# Made my first trap today-patterned from a cut out hive box



## Lauri (Feb 1, 2012)

You can see the slide in piece of foam board at the bottom, european style top inner cover to keep bees from propolising the lid and maintain a true seal if the wood warps a little.










Since the box's are new, I dribbled melted wax on the inside and burned it into the wood-also sprayed the interior with Mann Lake Pro Health and burned it into the cedar & wax. Smells amazing.
It was nice to have something to use my cull wood for.

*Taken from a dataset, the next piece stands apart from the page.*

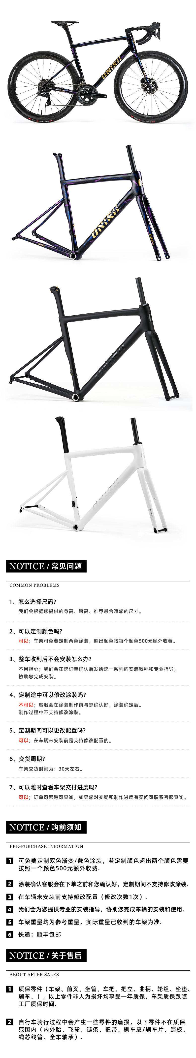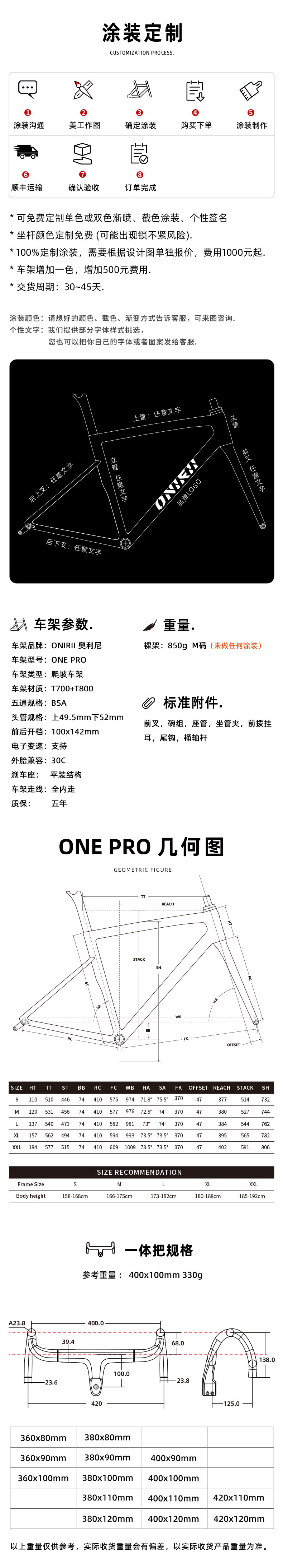 ONE数字一,代表着ONIRII奥利尼起步,所以我们好的产品都拿了出来。10多年的开发,制造经验结合配合度高的供应链,我们得以开发和生产出高品质,高性价比国产自行车产品。ONE作为ONIRII奥利尼一个重要的系列产品主打高端轻量的理念,ONE系列产品包括车架,轮组,车把等配件。ONE数字一,我们以此作为开始但不止步于此。未来我们最好最轻的产品都将以此作为型号名。

A little bit of flaws here and there don't really show once you get it burned and finished though..Add Handles and hangers and it wil be done!
I have a while before I can put it to use..I will give a report ASAP>


----------



## Lauri (Feb 1, 2012)

Front view:









Side view:









Lid and front opening will need a hook and eye to keep them closed:


----------



## Lauri (Feb 1, 2012)

Heres the normal type..holds 7 frames. (I had to shim the back out with 2x2's to allow for the hindged top to open) To allow for different mounting options, there is a Hole for a rope(piece of 3/4 PVC in the 1" hole for strength) or place for a ratchett strap










six newer foundationless and wired frames and one old brood comb in the middle



















These should blend in well with trees and branches to avoid vandalism.


----------



## Lauri (Feb 1, 2012)

Transfer or cycle in mini frames and full sized frames with this part-screw into your standard box to hold you mini frames:









Forget the angle though..just make it straight.


----------



## Lauri (Feb 1, 2012)

An interesting note: Last year some of the game wardens and forest service folks found a high number of the wood duck houses filled with honeybees. Wood duck house looks like this:


----------



## Beregondo (Jun 21, 2011)

Very nice.
They *do* look like they will be unobtrusive.
I am intending to relocate to Portland in April/May.
If things go as planned, perhaps we (along with minx, eastsidebuzz and the others) ought to have 
"The Great Pacific Northwest Swarm Ketching Kontest"


----------



## Beregondo (Jun 21, 2011)

BTW, I've enjoyed your posts and your website


----------